**Work instructions**
Whenever an image turns up, omit it and return the remaining data exactly.

**Supplied information**
[Start of section]

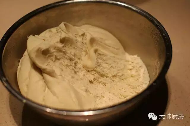 3. 面团回温后准备做锅盔了,这时掀开面团看组织是这样滴。
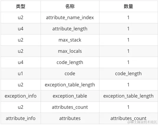 即紧接着 2 个字符表示属性名的索引项,这里数据为 00 09,即对应常量池第 9 个常量,查询可知其值为:Code。Code 属性的表结构如下图所示。
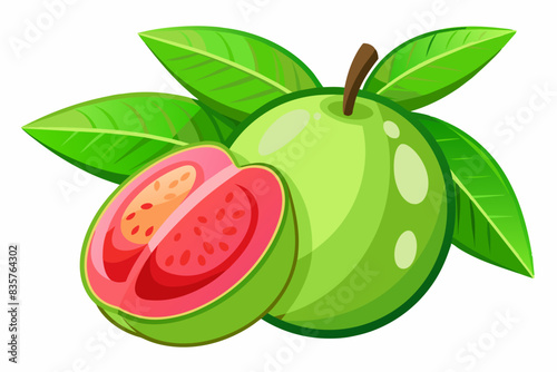Vector illustration, Tropical fruit Guava, whole fruit and halved, isolated on white.

[End of section]

**Answer to this problem**
 3. 面团回温后准备做锅盔了,这时掀开面团看组织是这样滴。
 即紧接着 2 个字符表示属性名的索引项,这里数据为 00 09,即对应常量池第 9 个常量,查询可知其值为:Code。Code 属性的表结构如下图所示。
Vector illustration, Tropical fruit Guava, whole fruit and halved, isolated on white.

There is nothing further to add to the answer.